Which stategy is the better one for our SNP study - (Aug/22/2012 )
I am currently in a project where we are investigating the basis for radiosensitivity in cancer patients treated with radiotherapy (RT)
I have 37 very sensitive patients (severe reactions to RT, occuring in appr. 5% of treated patients) and 37 "normal" responders to RT. We have collected whole blood that we have/have not irradiated, so we can study the proteomic response to radiation. We also have extracted DNA from whole unexposed blood in which the SNPs will be studied.

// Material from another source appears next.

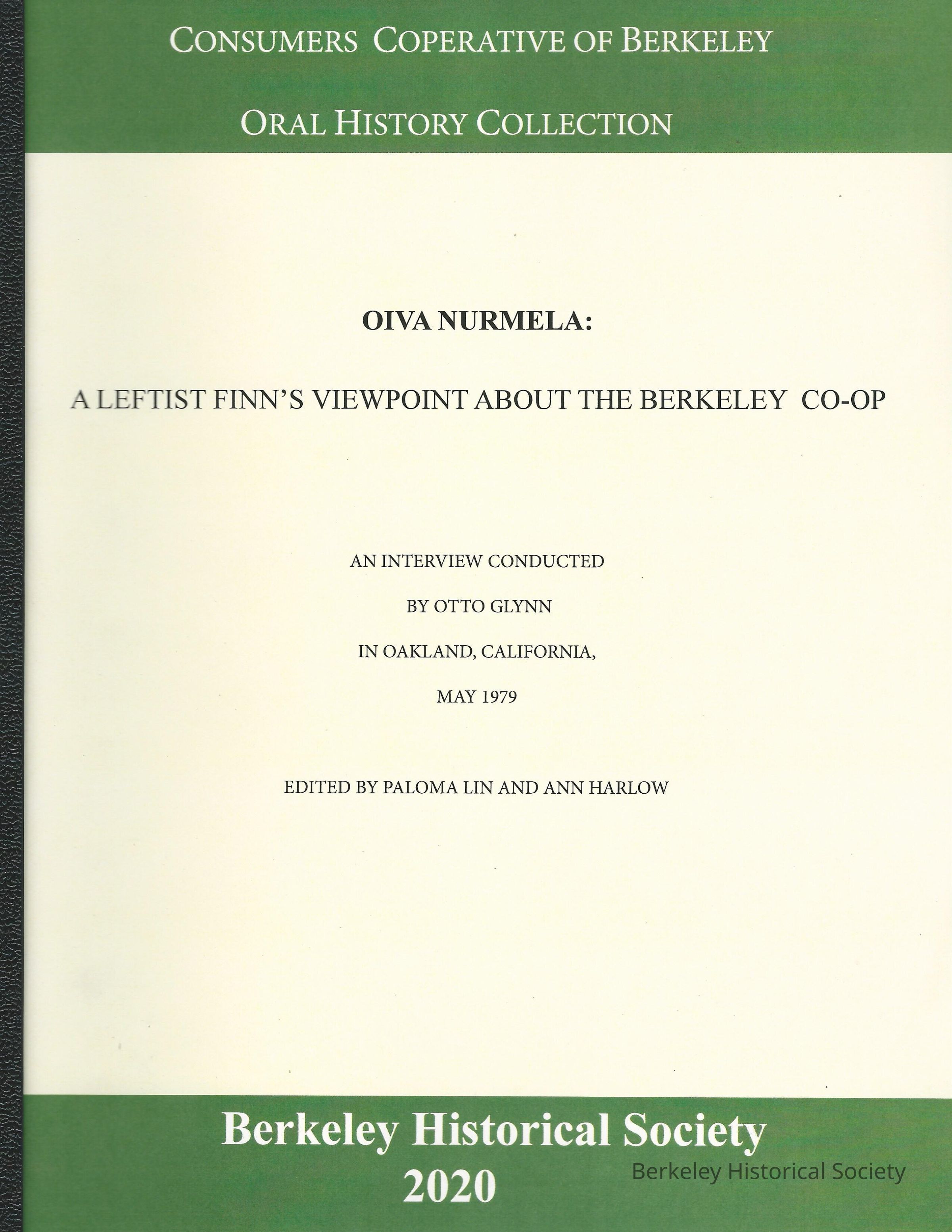 A Leftist Finn's viewpoint about the Berkeley Co-op. Edited by Paloma Lin and Ann Harlow. Berkeley Historical Society, 2020. 40 l. ; 29 cm. OH - Nurmela
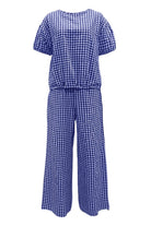 Full Size Plaid Round Neck Half Sleeve Top and Pants Set

We are currently planning our SNP study. We are thinking of looking in SNPs known to be involved in radiosensitivity from previous studies. The reason for studying these in our material is that we believe our material to be very "strong" in that we have relatively many very radiosensitive patients compared to other studies who "simply" collect 100 patiens "in a row" and then maybe get 10-15 very sensitive individuals, whereas we have almost 40 such individuals.
We believe our material to be too small to try to discover "new" SNPs using GWAS (which others appear to agree with) and feel it will be interesting to see how the previously studied SNPs do in our material
Now to the "twist": A professor has the "firm" idea that we first should study the proteomic response, and based on that, select SNPs in the pathways that appear interesting (I am sceptic to this)
Which approach is better?
My feeling is that there doesn't need to be any correlation between protein amount, and the function/occurence of a SNP of the protein (as a SNP can result in). Also, an upregulation of a certain protein does not mean that that is the protein in which to look for SNPs. To me, it sounds a bit far fetched. Also, with many SNPs in a gene, how to then select SNPs of interest? How to justify? With our limited material, we can't look at hundreds of SNPs, more like 30-40.
Our original approach, re-investigating previously studied SNPs justify the selection on SNPs based on just the fact that also others have found them interesting. As opposed to these studies, we believe to have a higher possibility of finding differences as we suspect our "sensitive" group to have a high frequency of "risk alleles".
Any thoughts, experiences, inputs, etc are most welcome!
The proteomics should be useful if you take known function into account - up/down regulation of stress response genes after irradiation for instance.